Together, the results of Figs. 1 and 2 clearly demonstrate the presence of a MAR-like non-conventional (rich in GGA and not in AT) element in the close vicinity of the c-erbB-2 gene transcription start site, whose attachment to the breast nuclear matrix is mediated by a sequence-specific DNA-binding NMP that is expressed only in the malignant tissues and breast cancer cell line BT-20 and not in the normal breast tissues.

To elucidate a functional role(s) of the identified NMP factor, we affinity-purified the protein from the breast tumor NMP pools on the GGA-rich DNA (-79/-22) affinity column. The purified NMP from breast tumors displays a dominant polypeptide of 68 kDa (Fig. 3A, panel a, lane 2). This purified NMP binds the GGA-rich (specific) probe in a sequence-specific manner, as demonstrated by SouthWestern (Fig. 3A, panel b) and EMSA (Fig. 3B) assays. GGA-rich (specific) probe observes a strong band with 50 ng of purified NMP and 10 µg of breast tumor NMP pools (Fig. 3A, panel b, lanes 2 and 1, respectively), while the nonspecific (-22/+9) DNA probe fails to bind these NMPs. The EMSA result (Fig. 3B) with 50 ng of purified NMP displays the same DNA-protein complex (Fig. 3B, lane 3) as in breast tumor NMP pools (10 µg, lane 2), which is competed out with specific (GGA-rich, -79/-22) cold DNA (lane 4), but not with nonspecific (-22/+9) cold DNA (lane 5).

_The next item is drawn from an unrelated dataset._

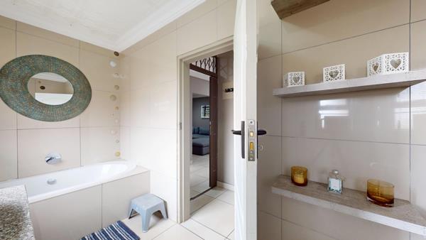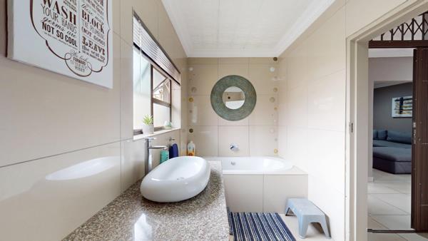3 Spacious Bedrooms with built-in cupboards Master bedroom with en-suite: freestanding shower, bath, basin & toilet.

Fig. 3. DNA affinity purification of the MAR-specific NMP from the human breast tumor NMP pools. Large NMP pools from breast tumor tissues were purified on the GGA-rich DNA affinity column (see "Materials and Methods"). Purified NMP was tested by SDS-polyacrylamide gel electrophoresis and SouthWestern and EMSA assays. A: panel a, a silver stain of protein gel. Lane 1, 5 µg of breast tumor NMP pool; lane 2, 30-40 ng of purified NMP. Panel b, SouthWestern blot assay of the same samples with specific (GGA-rich, MAR, -79/-22) and nonspecific (-22/+9) oligonucleotide probes. The arrow indicates the position of the protein (68 kDa) in panels a and b. B, EMSA with the purified NMP. Lane 1, GGA, -79/-22, probe alone; lane 2, 10 µg of breast tumor NMP pool; lane 3, 50 ng of purified NMP; lane 4, 50 ng of purified NMP with 50-fold cold specific probe (-79/-22); and lane 5, 50 ng of purified NMP with 50-fold cold nonspecific (-22/+9) probe. The arrow indicates the DNA-protein complex formation with NMP pools (lane 2) and purified NMP (lane 3), which is abolished in the presence of specific (lane 4), but not with nonspecific (lane 5), probe.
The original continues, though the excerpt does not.